— Exercise instructions —
Apart from the pictures, output all of the records exactly.
····················
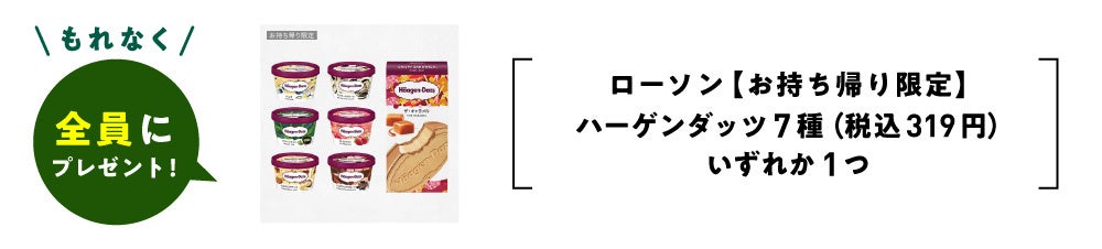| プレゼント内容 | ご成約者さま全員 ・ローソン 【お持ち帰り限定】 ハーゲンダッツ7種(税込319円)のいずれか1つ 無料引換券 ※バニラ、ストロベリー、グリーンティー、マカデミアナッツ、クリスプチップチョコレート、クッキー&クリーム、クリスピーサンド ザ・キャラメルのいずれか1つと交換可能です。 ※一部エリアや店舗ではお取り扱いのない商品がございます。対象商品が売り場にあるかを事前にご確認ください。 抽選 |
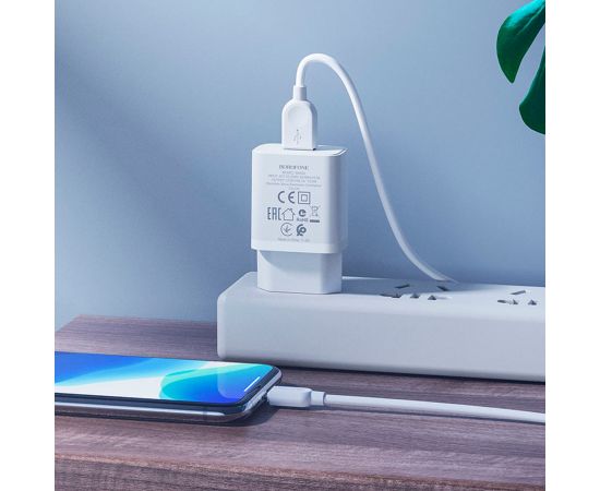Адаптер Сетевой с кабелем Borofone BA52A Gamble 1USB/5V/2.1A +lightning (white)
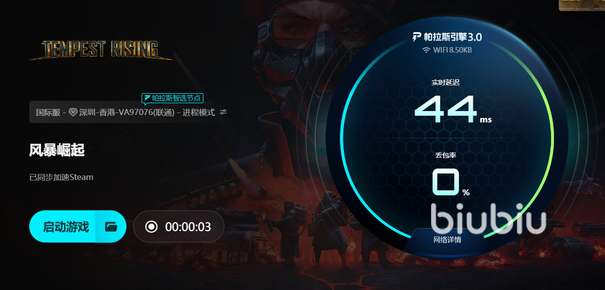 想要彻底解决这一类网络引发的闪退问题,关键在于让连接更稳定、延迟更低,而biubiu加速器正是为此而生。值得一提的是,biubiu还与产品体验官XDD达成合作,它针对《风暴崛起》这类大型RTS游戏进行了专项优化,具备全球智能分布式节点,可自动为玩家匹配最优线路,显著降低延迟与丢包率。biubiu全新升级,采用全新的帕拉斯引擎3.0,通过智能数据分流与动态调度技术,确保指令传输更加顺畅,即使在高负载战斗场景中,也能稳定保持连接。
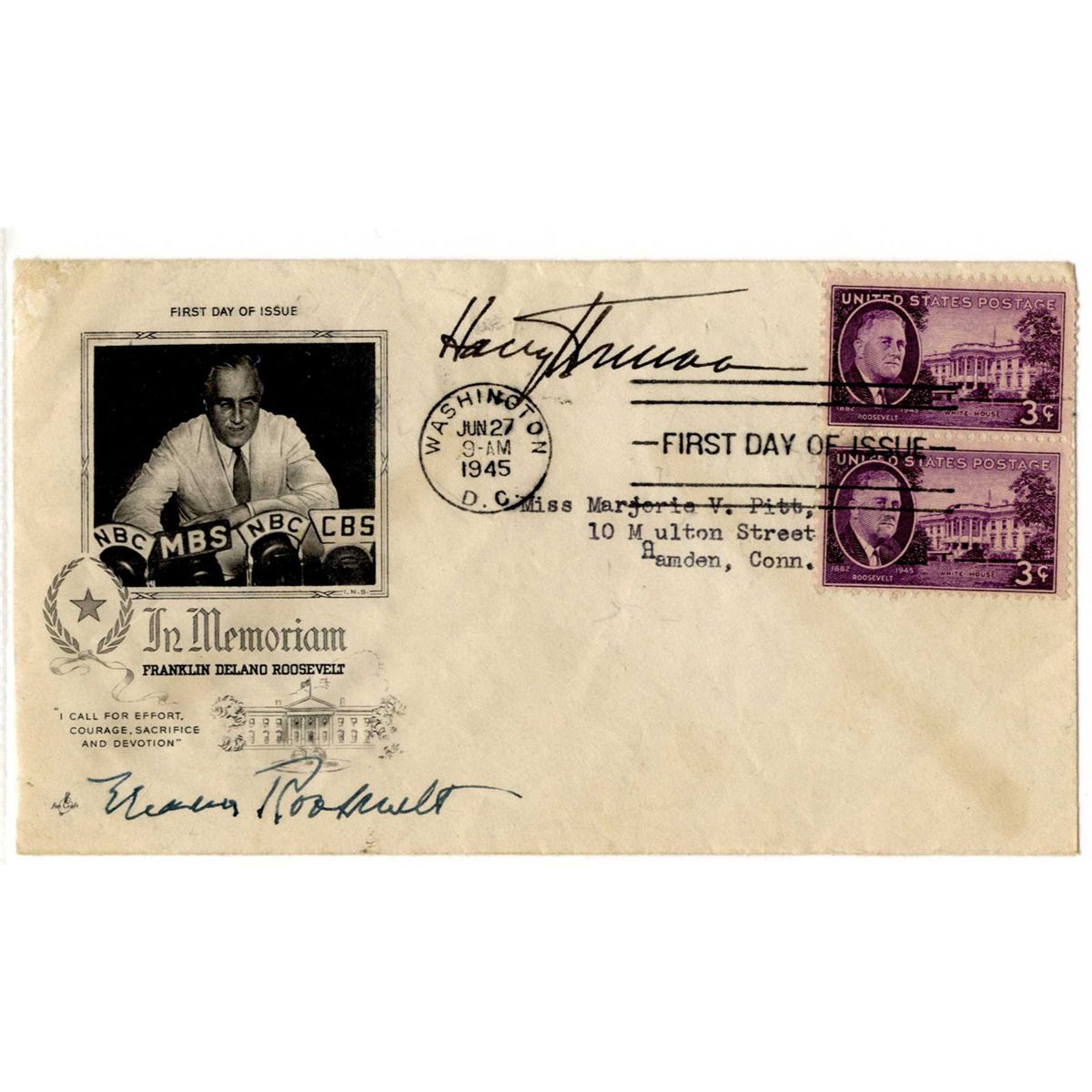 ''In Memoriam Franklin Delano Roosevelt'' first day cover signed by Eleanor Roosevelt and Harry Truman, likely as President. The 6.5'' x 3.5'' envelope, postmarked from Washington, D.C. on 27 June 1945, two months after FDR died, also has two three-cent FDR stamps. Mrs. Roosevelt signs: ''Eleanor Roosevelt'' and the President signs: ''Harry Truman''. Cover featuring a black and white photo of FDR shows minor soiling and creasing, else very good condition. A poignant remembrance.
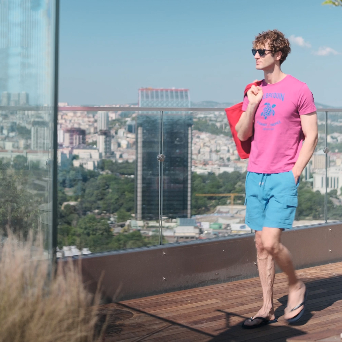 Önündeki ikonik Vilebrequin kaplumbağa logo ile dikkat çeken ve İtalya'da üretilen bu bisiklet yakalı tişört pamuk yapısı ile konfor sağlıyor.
····················
— Task response —
| プレゼント内容 | ご成約者さま全員 ・ローソン 【お持ち帰り限定】 ハーゲンダッツ7種(税込319円)のいずれか1つ 無料引換券 ※バニラ、ストロベリー、グリーンティー、マカデミアナッツ、クリスプチップチョコレート、クッキー&クリーム、クリスピーサンド ザ・キャラメルのいずれか1つと交換可能です。 ※一部エリアや店舗ではお取り扱いのない商品がございます。対象商品が売り場にあるかを事前にご確認ください。 抽選 |
Адаптер Сетевой с кабелем Borofone BA52A Gamble 1USB/5V/2.1A +lightning (white)
 想要彻底解决这一类网络引发的闪退问题,关键在于让连接更稳定、延迟更低,而biubiu加速器正是为此而生。值得一提的是,biubiu还与产品体验官XDD达成合作,它针对《风暴崛起》这类大型RTS游戏进行了专项优化,具备全球智能分布式节点,可自动为玩家匹配最优线路,显著降低延迟与丢包率。biubiu全新升级,采用全新的帕拉斯引擎3.0,通过智能数据分流与动态调度技术,确保指令传输更加顺畅,即使在高负载战斗场景中,也能稳定保持连接。
 ''In Memoriam Franklin Delano Roosevelt'' first day cover signed by Eleanor Roosevelt and Harry Truman, likely as President. The 6.5'' x 3.5'' envelope, postmarked from Washington, D.C. on 27 June 1945, two months after FDR died, also has two three-cent FDR stamps. Mrs. Roosevelt signs: ''Eleanor Roosevelt'' and the President signs: ''Harry Truman''. Cover featuring a black and white photo of FDR shows minor soiling and creasing, else very good condition. A poignant remembrance.
 Önündeki ikonik Vilebrequin kaplumbağa logo ile dikkat çeken ve İtalya'da üretilen bu bisiklet yakalı tişört pamuk yapısı ile konfor sağlıyor.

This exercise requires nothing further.